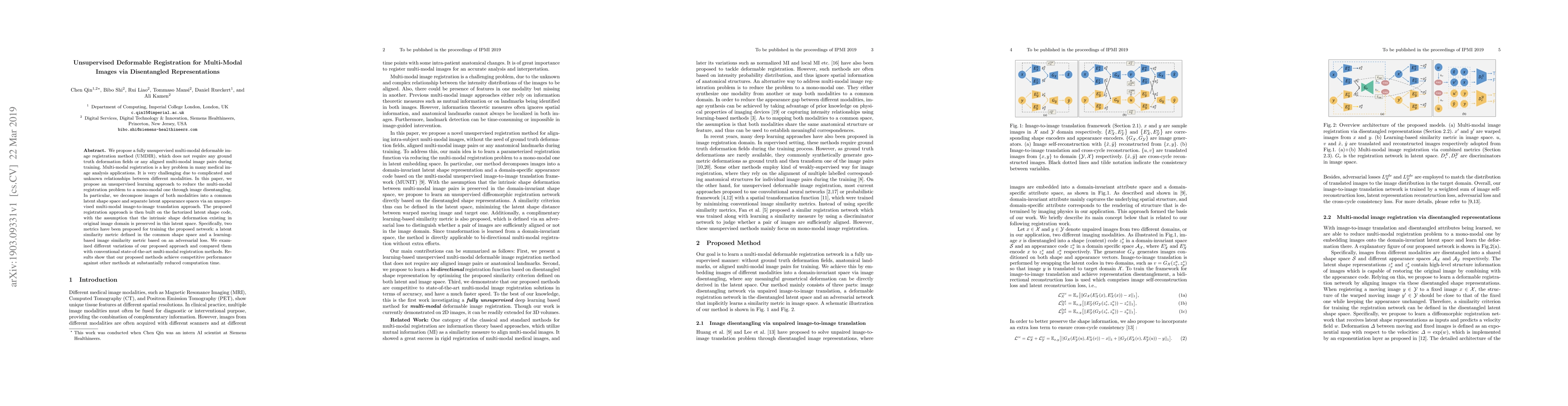 This paper introduces an unsupervised method for multi-modal deformable image registration, leveraging disentangled representations to decompose images into common shape and separate appearance spaces. The proposed approach achieves competitive performance compared to state-of-the-art methods with significantly reduced computational costs.
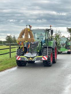 An vielen Stellen des Weges hatten sich Zuschauer eingefunden, winkten den Feiernden auf den Umzugswagen zu und freuten sich am Anblick der schön geschmückten Fahrzeuge. Dann machten sich alle auf den Weg zum Festzelt am Gemeindehaus. Als sich alle dort eingefunden hatten, wurde die Erntekrone zum Festzelt gebracht und dort aufgehängt.
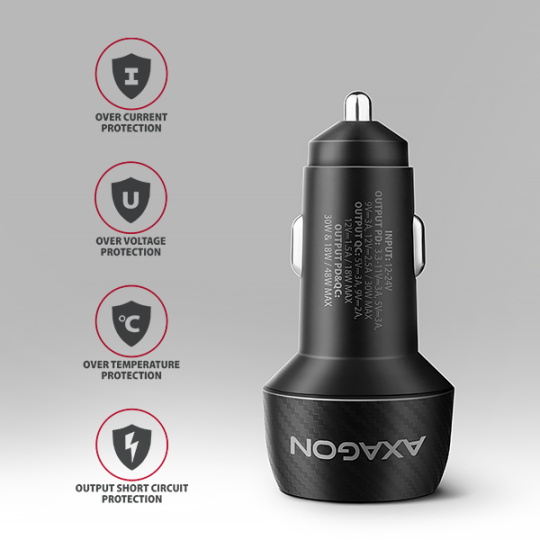AXAGON PWC-PQ48 nabíječka do auta 48W, USB-A + USB-C, PD3.0/PPS/QC4+/SFC/Apple
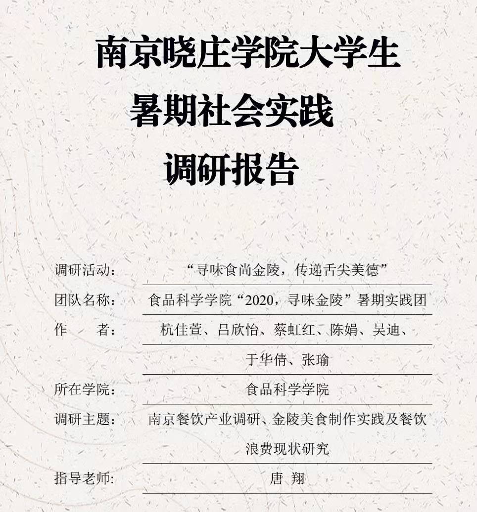 为全面提升大学生的综合素质,进一步培养可堪重用、能担大任的时代青年,同时为更好地将实践育人融入人才培养全过程,2020年食科院暑期社会实践,教育引领广大团员青年深入基层、走向社会,践行“教学做合一”理念,通过社会观察和亲身实践,用实际行动诠释当代青年大学生的责任和担当,对南京餐饮产业进行调研,开展金陵美食制作,同时重点调研高校餐饮浪费现象。调研报告《南京餐饮产业调研、金陵美食制作实践及餐饮浪费现状研究》最终获得2020年全省大中专学生志愿者暑期文化科技卫生“三下乡”社会实践活动优秀调研报告、2020南京晓庄学院暑期社会实践优秀调研报告。
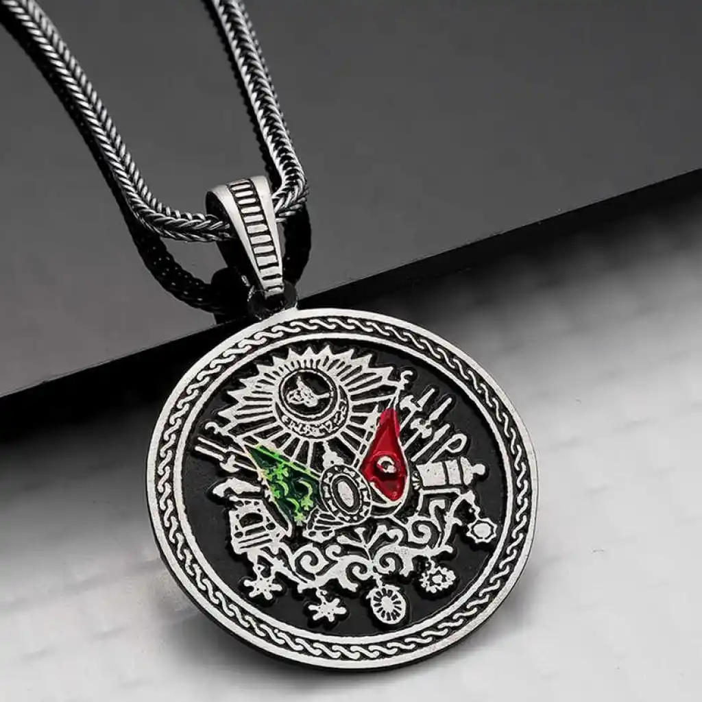 Osmanlı İmparatorluğu Devlet Arması, 19. yüzyılda Osmanlı Devleti için hazırlanmıştır. Ondan önce, padişahların tuğraları devlet nişanı yerine geçiyordu. Osmanlı nişanının son halini 1882"de Sultan II. Abdülhamit tarafından yürürlüğe konmuştur. Osmanlı Devlet Nişanı"nın içinde iki tane bayrak vardır. Kırmızı zeminde ay-yıldız bulunan bayrak Osmanlı Hanedanı"nı, yeşil zemindeki bayrak İslam halifeliğini simgelemektedir. Terazi, Osmanlı adaletini, terazide bulunan kitaplar da adaletin kaynağı olan Osmanlı kanunnamelerini ve Kur"an-ı Kerim"i temsil etmektedir. Bu şık kolyeyi sevdiklerinize doğum günlerinde, özel günlerde veya babalar gününde hediye edebilir onları sevindirebilirsiniz. Bu özel tasarım erkek kolye 925 ayar gümüşten imal edilmiştir. Gümüş üzerine oksit kaplama yapılmıştır. Tüm gümüş erkek kolyelerinde olduğu gibi gümüş osmanlı armalı erkek kolye de el emeği ile üretilmiştir. Gümüş ve değerli taşlar nedeniyle belirtilen ürün ağırlığında ± %10 sapma olabilmektedir.
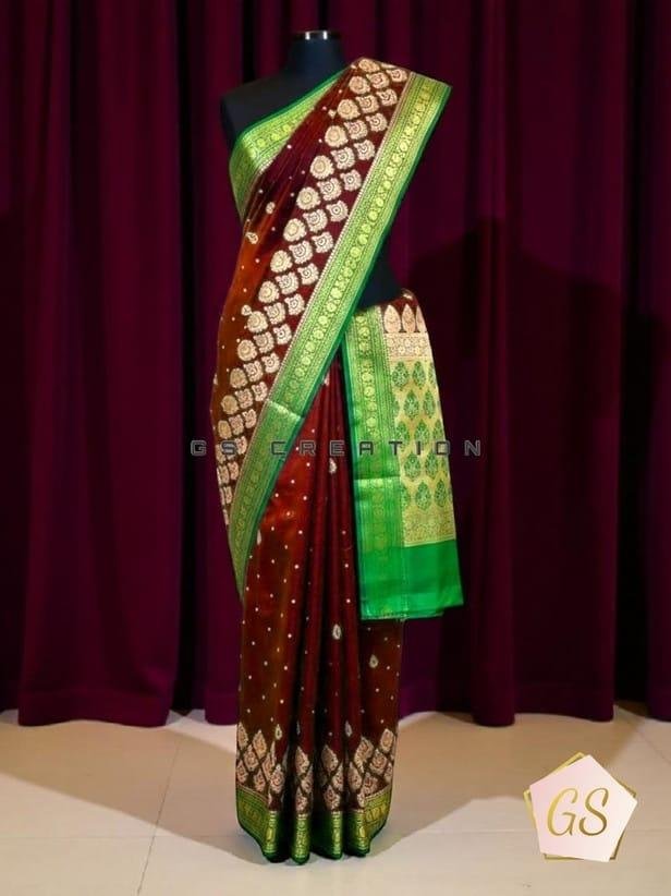 * Premium Banarasi weaving with rich gold zari
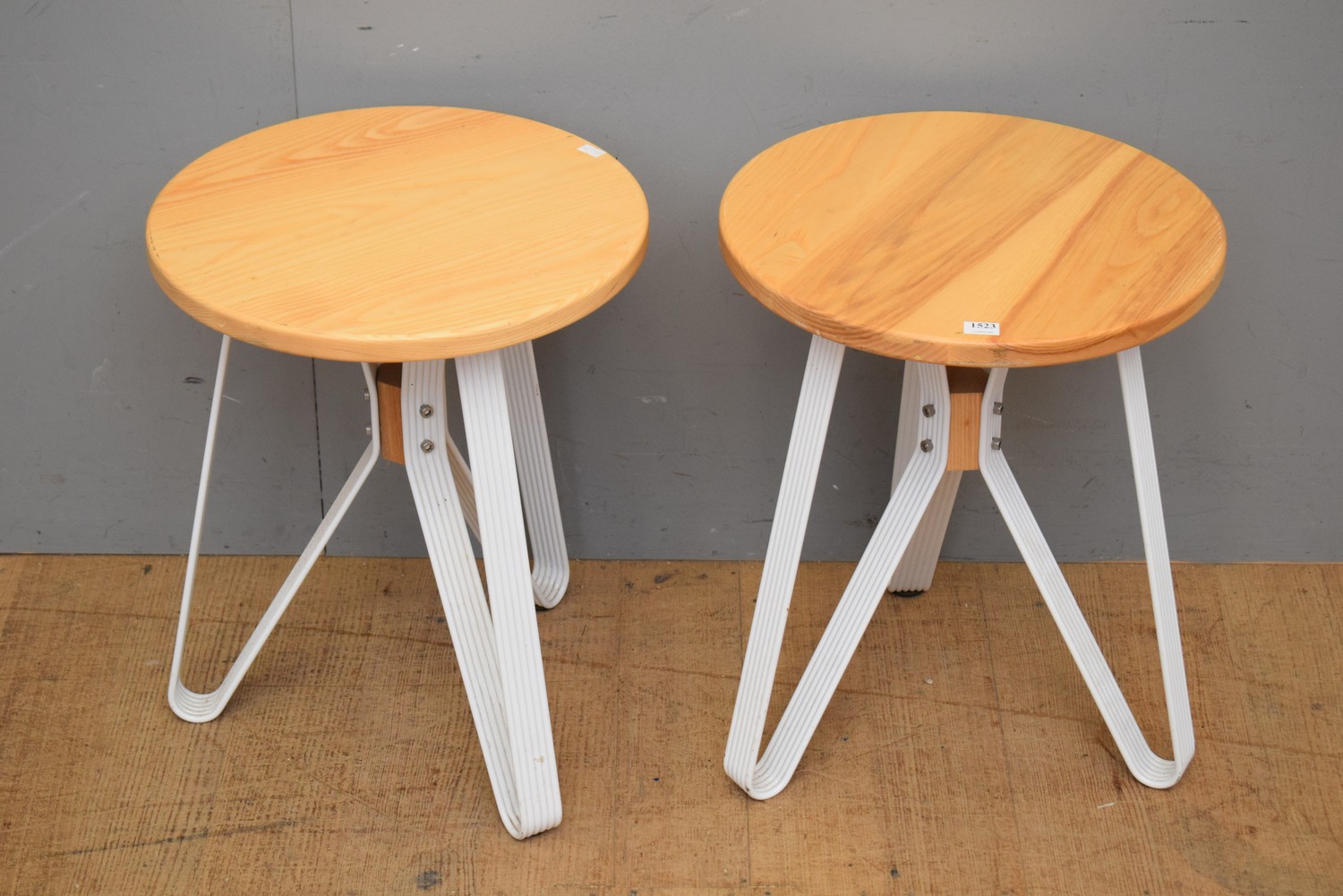 A PAIR OF TIMBER SIDE TABLES (A/F) (47H X 39D CM) (SMALL ITEM)
**********
*What you have to do*: Across the whole listing above, repeat each line exactly and leave out the images.

*Final answer*:
 This paper introduces an unsupervised method for multi-modal deformable image registration, leveraging disentangled representations to decompose images into common shape and separate appearance spaces. The proposed approach achieves competitive performance compared to state-of-the-art methods with significantly reduced computational costs.
 An vielen Stellen des Weges hatten sich Zuschauer eingefunden, winkten den Feiernden auf den Umzugswagen zu und freuten sich am Anblick der schön geschmückten Fahrzeuge. Dann machten sich alle auf den Weg zum Festzelt am Gemeindehaus. Als sich alle dort eingefunden hatten, wurde die Erntekrone zum Festzelt gebracht und dort aufgehängt.
AXAGON PWC-PQ48 nabíječka do auta 48W, USB-A + USB-C, PD3.0/PPS/QC4+/SFC/Apple
 为全面提升大学生的综合素质,进一步培养可堪重用、能担大任的时代青年,同时为更好地将实践育人融入人才培养全过程,2020年食科院暑期社会实践,教育引领广大团员青年深入基层、走向社会,践行“教学做合一”理念,通过社会观察和亲身实践,用实际行动诠释当代青年大学生的责任和担当,对南京餐饮产业进行调研,开展金陵美食制作,同时重点调研高校餐饮浪费现象。调研报告《南京餐饮产业调研、金陵美食制作实践及餐饮浪费现状研究》最终获得2020年全省大中专学生志愿者暑期文化科技卫生“三下乡”社会实践活动优秀调研报告、2020南京晓庄学院暑期社会实践优秀调研报告。
 Osmanlı İmparatorluğu Devlet Arması, 19. yüzyılda Osmanlı Devleti için hazırlanmıştır. Ondan önce, padişahların tuğraları devlet nişanı yerine geçiyordu. Osmanlı nişanının son halini 1882"de Sultan II. Abdülhamit tarafından yürürlüğe konmuştur. Osmanlı Devlet Nişanı"nın içinde iki tane bayrak vardır. Kırmızı zeminde ay-yıldız bulunan bayrak Osmanlı Hanedanı"nı, yeşil zemindeki bayrak İslam halifeliğini simgelemektedir. Terazi, Osmanlı adaletini, terazide bulunan kitaplar da adaletin kaynağı olan Osmanlı kanunnamelerini ve Kur"an-ı Kerim"i temsil etmektedir. Bu şık kolyeyi sevdiklerinize doğum günlerinde, özel günlerde veya babalar gününde hediye edebilir onları sevindirebilirsiniz. Bu özel tasarım erkek kolye 925 ayar gümüşten imal edilmiştir. Gümüş üzerine oksit kaplama yapılmıştır. Tüm gümüş erkek kolyelerinde olduğu gibi gümüş osmanlı armalı erkek kolye de el emeği ile üretilmiştir. Gümüş ve değerli taşlar nedeniyle belirtilen ürün ağırlığında ± %10 sapma olabilmektedir.
 * Premium Banarasi weaving with rich gold zari
 A PAIR OF TIMBER SIDE TABLES (A/F) (47H X 39D CM) (SMALL ITEM)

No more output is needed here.